FMF: Statement by the Herman Mashaba, Free Market Foundation chairman, states that forced ownership bills will aid social instability (29/04/2014)

29th April 2014

FMF: Statement by the Herman Mashaba, Free Market Foundation chairman, states that forced ownership bills will aid social instability (29/04/2014)

Businessman and chairman of the Free Market Foundation, Herman Mashaba today criticised Government for rushing through controversial bills that would irreparably harm the economy, investor confidence and the country’s ability to create jobs and stability.

One of the bills in question is the Private Security Industry Regulatory Amendment Bill which, if signed into law by President Jacob Zuma, will force foreign owned private security firms like ADT, Chubb, Securitas and Panasonic to sell 51% of their companies to South Africans.

“We fought against apartheid to free our people and the economy from draconian policies that stifled growth and repelled foreign direct investment.  I am dismayed that the current administration would consider embracing a business unfriendly policy environment that will effectively cripple the economy and our ability to address inequality, poverty and unemployment,” says Mr Mashaba.

Mashaba says the country’s ability to attract foreign investors to fund and invest in the economy is an important mechanism to fuel growth. 

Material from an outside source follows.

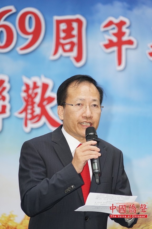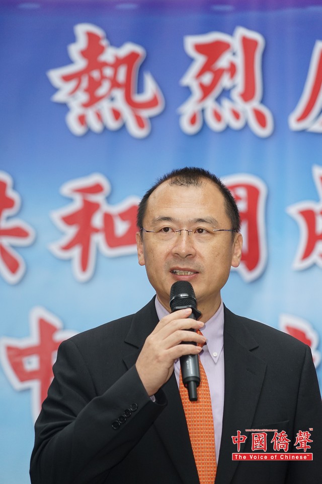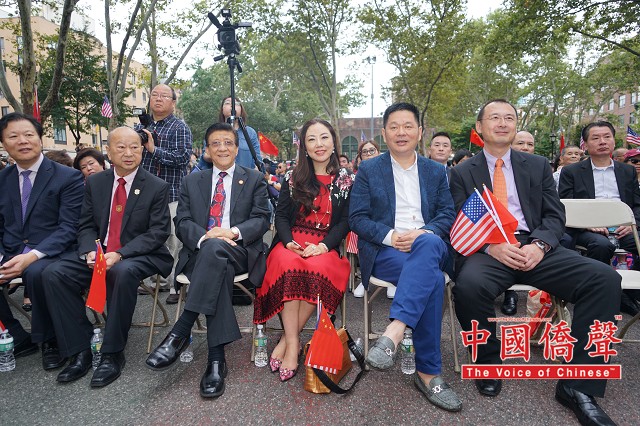 美东华人社团联合总会梁冠军主席致辞,并代表海外华人华侨遥祝伟大祖国繁荣昌盛,国泰民安!中华人民共和国驻纽约邱舰副总领事致辞,并送上祝福,祝华人华侨和现场的民众们中秋快乐,合家团圆!

“Foreign investment, especially in the resources, manufacturing, infrastructure and industrial sectors is the critical catalyst required to create the kind of jobs that are required in South Africa.  We simply cannot grow the economy without foreign partners.  They are already looking at South Africa with suspicion and we need to remedy this before more damage is done.

“It would do the Minister of Police good to consider the national security implications if more South Africans find themselves without jobs.  Unemployment leads to social instability and this should be the Minister’s primary concern,” says Mr Mashaba.

Mr Mashaba’s company, Lephatsi Investments, owns 30% of Swedish private security firm Securitas.

“Companies like Securitas entered the South African market with confidence that the political and policy landscape provides protection against expropriation of their assets,” he says.

Mashaba believes that the Private Security Regulatory Amendment Bill is a benchmark framework that, if implemented, could open the door for Government to apply the same principles of nationalisation to other industries.

“If this bill is signed into law it is going to send strong signals throughout the business community that their industry may well be next on the list for forced dilution of ownership,” he says.

In its current form, the Private Security Bill will include companies that manufacture, distribute or supply equipment to the private security industry which includes multinationals like Panasonic, Sony, Honeywell and Bosch. 

“Instead of chasing respected companies away, we need to look at the value that international companies bring to our country.  Not only in terms of their investment in our economy and their ability to create thousands of jobs, but also in terms of skills transfer, knowledge sharing and the contributions that they make to social responsibility and development,” says Mr Mashaba.

Furthermore, Securitas and the other foreign owned private security firms are fully committed to black economic empowerment and transformation. Securitas is a level 2 rated BBBEE firm and achieved a full score under the BBBEE scorecard on Enterprise Development for the past 3 years.

“As a black investor and businessman, I believe it’s unfair to expect our partners to relinquish 51% or more of their business.”